An Evaluation of Electricity Net Load Profiles and the Baseload Generation Concept

Abstract

Least cost planning and flattening system demand through demand-side management (DSM) was once a driving concept for system planning. This planning approach addressed the idea that flat demand profiles were preferred because they could be served efficiently by baseload generators such as pulverized coal and nuclear plants. New generation construction was driven by peak demand growth, and thus flattening loads delayed new construction and increased baseload capacity factors. Today, primarily due to the focus on renewable portfolio standards (RPS) and subsidies for renewable power, the concept of flattening a system demand profile appears to have fallen in priority. This has resulted in concerns such as the infamous “duck curve” which creates a challenge for California utilities as the unequal match between demand and intermittent renewable resources have created net loads for dispatchable resources to serve at higher costs. This paper provides an analysis of net load profiles (NLP) for several power system regional transmission organizations (RTOs): California (CAISO), Midcontinent Independent System Operator (MISO), PJM Regional Transmission Organization, and the Electric Reliability Council of Texas (ERCOT).
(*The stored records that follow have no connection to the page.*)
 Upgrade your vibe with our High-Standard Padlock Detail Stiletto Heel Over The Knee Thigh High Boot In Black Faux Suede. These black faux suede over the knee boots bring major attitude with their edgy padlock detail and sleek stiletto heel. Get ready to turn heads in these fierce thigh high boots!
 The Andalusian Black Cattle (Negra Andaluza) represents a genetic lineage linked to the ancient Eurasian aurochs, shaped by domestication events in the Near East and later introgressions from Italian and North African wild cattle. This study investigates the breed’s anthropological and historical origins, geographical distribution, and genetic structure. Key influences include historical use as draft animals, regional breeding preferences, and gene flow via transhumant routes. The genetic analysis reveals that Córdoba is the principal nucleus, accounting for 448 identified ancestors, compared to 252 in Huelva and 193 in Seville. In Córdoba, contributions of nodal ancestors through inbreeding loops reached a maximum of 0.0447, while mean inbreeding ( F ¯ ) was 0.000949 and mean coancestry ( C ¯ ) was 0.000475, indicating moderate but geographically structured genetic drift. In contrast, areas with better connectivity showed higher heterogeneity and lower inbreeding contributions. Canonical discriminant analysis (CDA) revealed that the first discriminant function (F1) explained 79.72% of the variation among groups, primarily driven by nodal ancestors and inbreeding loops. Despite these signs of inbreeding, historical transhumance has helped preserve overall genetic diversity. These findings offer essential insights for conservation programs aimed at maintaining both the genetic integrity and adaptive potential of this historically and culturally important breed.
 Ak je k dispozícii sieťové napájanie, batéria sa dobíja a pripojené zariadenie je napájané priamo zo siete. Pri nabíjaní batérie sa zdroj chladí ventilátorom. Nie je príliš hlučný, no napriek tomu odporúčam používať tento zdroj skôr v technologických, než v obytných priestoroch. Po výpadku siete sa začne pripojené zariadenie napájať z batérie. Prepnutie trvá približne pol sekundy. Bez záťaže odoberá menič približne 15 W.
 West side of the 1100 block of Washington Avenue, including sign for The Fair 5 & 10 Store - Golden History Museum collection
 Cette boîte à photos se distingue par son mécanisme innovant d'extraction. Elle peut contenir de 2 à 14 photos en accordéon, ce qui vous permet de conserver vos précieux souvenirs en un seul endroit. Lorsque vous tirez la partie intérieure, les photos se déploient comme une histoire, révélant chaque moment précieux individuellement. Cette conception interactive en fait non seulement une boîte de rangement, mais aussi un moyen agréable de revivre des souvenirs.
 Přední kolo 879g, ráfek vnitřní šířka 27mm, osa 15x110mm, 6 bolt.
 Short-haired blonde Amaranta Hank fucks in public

The objective of this study is to answer the question: Would targeting a level demand profile and high baseload generation result in more efficient power systems, better balancing the use of renewable energy resources (RERs) and effective baseload capacity (EBC)? In answering this question, an analysis was done by simulating the RTO power systems in 2030 as they are estimated to operate after RPS goals have been met by the states in each respective RTO. This future scenario is compared to another scenario in which it is assumed that there are no RPS regulations, and thus no RPS resources supplying electricity in 2030.